Activity
Scan the data below and state the number of lines that include the word "would", adding no comment.

(Records provided)

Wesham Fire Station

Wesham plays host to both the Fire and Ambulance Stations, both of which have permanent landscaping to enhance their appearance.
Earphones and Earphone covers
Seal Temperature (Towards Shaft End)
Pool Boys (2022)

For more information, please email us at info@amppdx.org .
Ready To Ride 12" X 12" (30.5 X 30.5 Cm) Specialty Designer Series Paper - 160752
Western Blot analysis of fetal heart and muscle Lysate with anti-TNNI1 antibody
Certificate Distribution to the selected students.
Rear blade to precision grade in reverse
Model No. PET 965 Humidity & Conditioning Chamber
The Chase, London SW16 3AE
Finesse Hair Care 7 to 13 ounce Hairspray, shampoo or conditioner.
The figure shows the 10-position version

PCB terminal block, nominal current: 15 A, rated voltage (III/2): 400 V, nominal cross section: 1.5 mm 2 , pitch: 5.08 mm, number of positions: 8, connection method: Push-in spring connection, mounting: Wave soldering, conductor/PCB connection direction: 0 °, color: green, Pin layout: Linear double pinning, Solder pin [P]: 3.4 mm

(End Records provided)
(Records provided)

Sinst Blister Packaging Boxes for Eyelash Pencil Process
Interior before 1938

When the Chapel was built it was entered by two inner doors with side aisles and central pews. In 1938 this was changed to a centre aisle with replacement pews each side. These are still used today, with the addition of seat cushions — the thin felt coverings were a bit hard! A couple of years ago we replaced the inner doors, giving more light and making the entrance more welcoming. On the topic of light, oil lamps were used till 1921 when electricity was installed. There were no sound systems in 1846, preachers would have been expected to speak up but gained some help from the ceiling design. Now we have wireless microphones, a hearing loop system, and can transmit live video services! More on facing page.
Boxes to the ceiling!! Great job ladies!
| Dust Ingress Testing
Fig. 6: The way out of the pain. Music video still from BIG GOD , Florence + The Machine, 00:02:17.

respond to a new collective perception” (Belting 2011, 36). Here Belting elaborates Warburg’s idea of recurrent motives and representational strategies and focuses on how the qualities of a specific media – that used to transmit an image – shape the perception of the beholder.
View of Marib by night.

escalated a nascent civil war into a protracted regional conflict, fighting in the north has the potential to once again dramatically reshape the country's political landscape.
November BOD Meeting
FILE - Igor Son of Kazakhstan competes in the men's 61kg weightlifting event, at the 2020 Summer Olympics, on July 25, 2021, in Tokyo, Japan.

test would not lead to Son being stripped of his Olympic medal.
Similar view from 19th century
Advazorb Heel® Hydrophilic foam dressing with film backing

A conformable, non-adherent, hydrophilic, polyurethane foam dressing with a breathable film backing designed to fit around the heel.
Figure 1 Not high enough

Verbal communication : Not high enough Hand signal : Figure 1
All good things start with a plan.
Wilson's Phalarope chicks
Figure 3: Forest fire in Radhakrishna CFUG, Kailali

(End Records provided)
(Records provided)

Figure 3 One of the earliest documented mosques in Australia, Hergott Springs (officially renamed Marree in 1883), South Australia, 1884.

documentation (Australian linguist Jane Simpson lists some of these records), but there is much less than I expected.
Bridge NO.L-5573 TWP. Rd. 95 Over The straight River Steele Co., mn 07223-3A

(End Records provided)

Response for this exercise
2